L’histoire ne se passe ni au centre de Jéricho, ni dans l’une de ses maisons, ni dans sa synagogue. En plus, c’est l’une des rares fois où ce n’est pas le malade qui va au-devant de Jésus. Bartimée est un aveugle qui mendie au bord de la route empruntée par les pèlerins qui se rendent à Jérusalem. Le lieu est très symbolique. Là où tous sont en chemin, lui reste bloqué et immobile. Ce symbole du chemin nous permet de voir dans cette histoire non une simple guérison mais un appel. La guérison de Bartimée provoquera en effet sa vocation. A partir du miracle s’opère en lui un déclenchement qui le met en route. Bartimée retrouve la vue et avec elle le chemin qui l’entraine à la suite de Jésus.

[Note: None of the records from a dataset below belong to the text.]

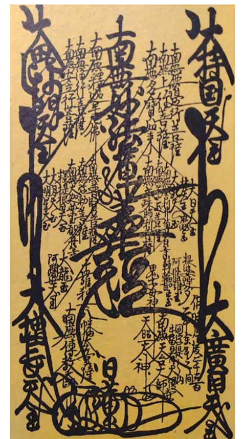
The Most Venerable One revealed and described by Nichiren Shonin.

There is no doubt about the life-saving light illuminating all Ten Realms. The Most Venerable One shows that all of us can become a Buddha through the light of Namu Myoho Renge Kyo . Furthermore, when we sit in front of the Great Mandala, all present conditions of our minds are shown like a mirror. This is why it is important not to see a Buddha far in a distance but to find that we are compassionately enshrouded by the Buddha and other attendants. Thus, we can be reassured by the Eternal Buddha that we, though ordinary beings for now, are getting closer to the realm of the Buddha.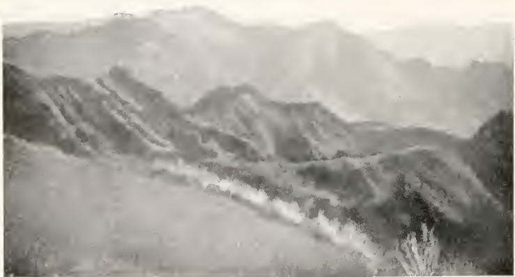
VIEW FROM THE HSINGLUNG LING ON THE FOP'ING TRAIL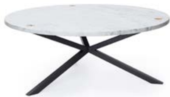
NEB Round Coffee Table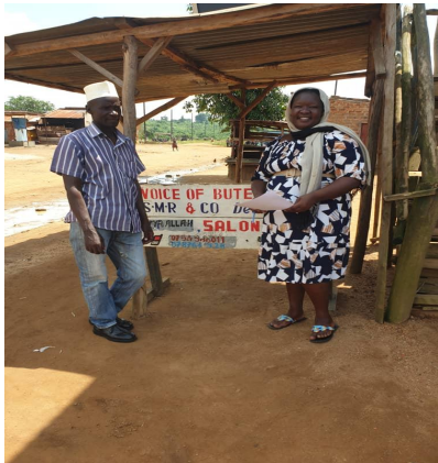
Some of the Votu members who attended the radio talk show

On the same date at 4.00pm still, we also conducted another talk show of one hour at Voice of Butende where the team leader encouraged and requested parents to support the girl child by availing them with materials to enable them make the reusable sanitary pads. In this same talk show he also raised the concern of how sexual reproductive health is important to both the boy and girl child and that shouldn't be undermined by both the parents and the community.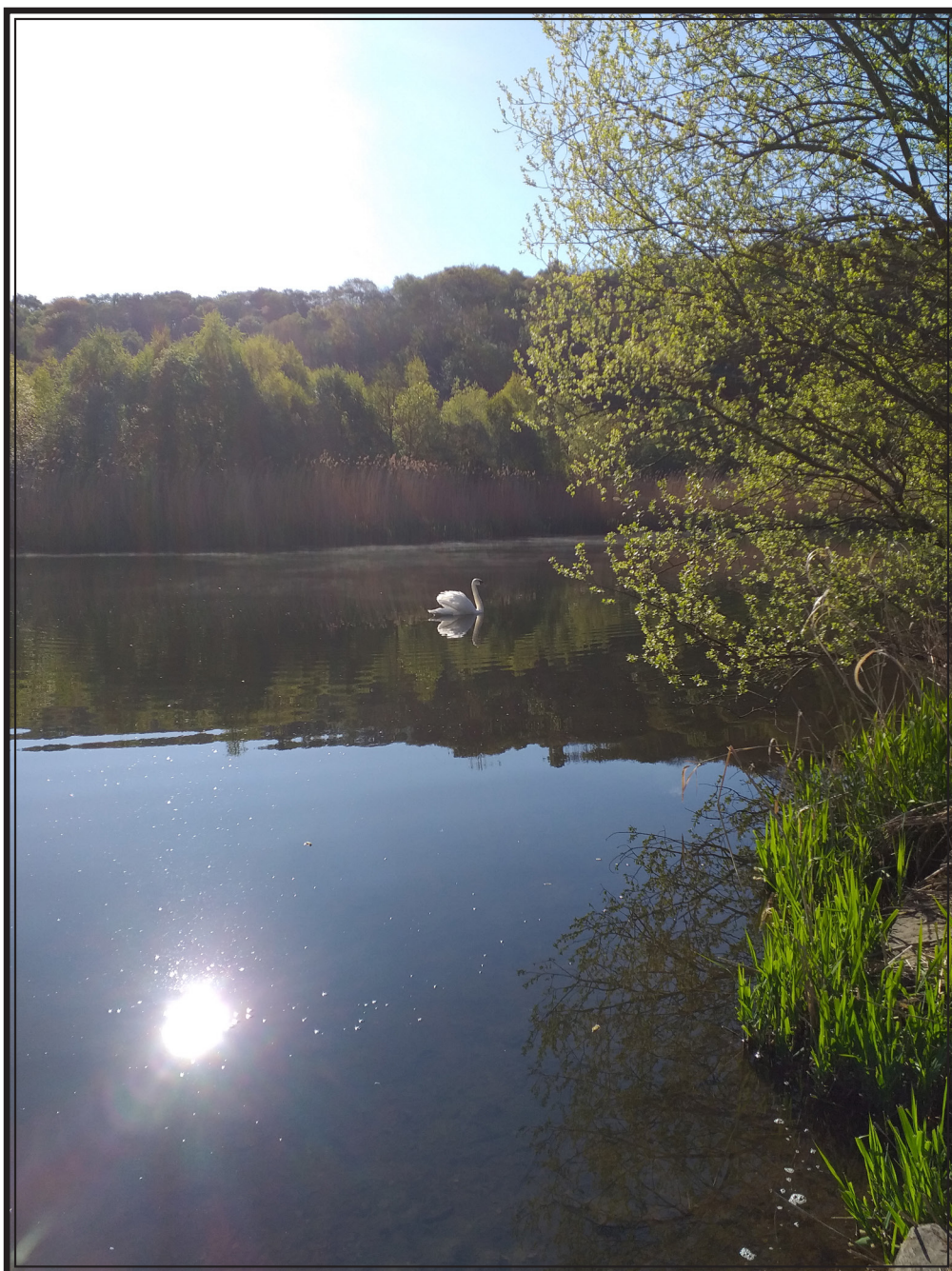
Clockburn Lake, Winlaton Mill

Bartimée est assis au bord du chemin. Il représente la catégorie des exclus de la société. C’est la figure des marginalisés qui n’ont pas droit de cité. Il est incapable de voir mais il ne trouve personne pour le guider sur son chemin. C’est encore l’image emblématique de ceux qui, par manque de capacité ou de faculté, se retrouvent dans une dépendance totale. Bartimée est condamné à vivre de la bienveillance des autres… ou à mourir de leur indifférence, de leur manque d’attention.

Mais cette réalité reste relative. Et c’est avec une certaine ironie que Marc nous raconte la suite de l’histoire. L’évangéliste nous relate la scène en soulignant le contraste entre la foule et l’aveugle. La foule est anonyme : on ne connaît le nom d’aucun de ceux qui la composent ; tandis que l’aveugle est bien connu sous le nom de Bartimée. La foule nomme Jésus le "Nazaréen" ; l’aveugle reconnaît en Jésus le "Fils de David", le sauveur. L’homme aveugle se comporte donc en voyant ! Il a su discerner l’identité de Jésus. Et une fois appelé par Jésus, il sera capable de trouver son chemin sans que personne ne le guide. C’est plutôt lui qui guidera la foule à la rencontre du "Fils de David".

Peu de temps avant cet événement, un homme riche est venu à la rencontre de Jésus, en quête de la vie éternelle : "Bon maître, que dois-je faire pour avoir en héritage la vie éternelle ?" (Mc 10, 17). Cet homme est reparti triste car il avait de grands biens. Par contre Bartimée est présenté comme le type du vrai disciple. Il ose jeter son manteau pour aller à la rencontre du Maître. Or, pour un mendiant, le manteau n’est pas un simple vêtement, mais un véritable abri. En laissant tomber son manteau, c’est donc sa vie qu’il met en jeu, pour suivre le Seigneur. Le miracle n’est pas seulement d’ordre physique mais spirituel. L’histoire de Bartimée est celle d’une expérience de foi et de Salut.

L’expérience de Bartimée semble aussi répondre en écho à une autre histoire. Après le récit de l’homme riche, se situe l’épisode des fils de Zébédée. Ces deux-là se sont approchés du Maître pour lui demander : "Accorde-nous de siéger, l’un à ta droite et l’autre à ta gauche, dans ta gloire" (Mc 10, 37). Dans les deux récits Jésus pose cette question : "Que veux-tu que je fasse pour toi ?" (Mc 10, 36.51). Dans les deux cas il s’agit aussi de "fils" : d’abord des "fils de Zébédée" puis, ici, de Bartimée, c’est-à-dire le "fils de Timée". La rencontre entre Jésus et Bartimée ne se résume pas à une simple histoire de guérison. Le changement s’opère au niveau de l’identité de cette personne : Bartimée, de mendiant, est devenu disciple, et même le modèle du vrai disciple de Jésus.

Le mendiant s’est finalement révélé plus riche que les autres : riche de foi. Il ose crier par deux fois : "Aie pitié de moi !". Son cri est identique à la prière du Psalmiste (Ps 6, 2 ; 9, 13 ; 24, 16 ; 25, 11 ; 26, 7 ; 30, 9 ; 40, 4.10). Cette demande réitérée est donc le signe de sa persévérance dans la prière, malgré la nuit de l’aveuglement. Son insistance montre la puissance de sa foi à laquelle Jésus ne peut résister.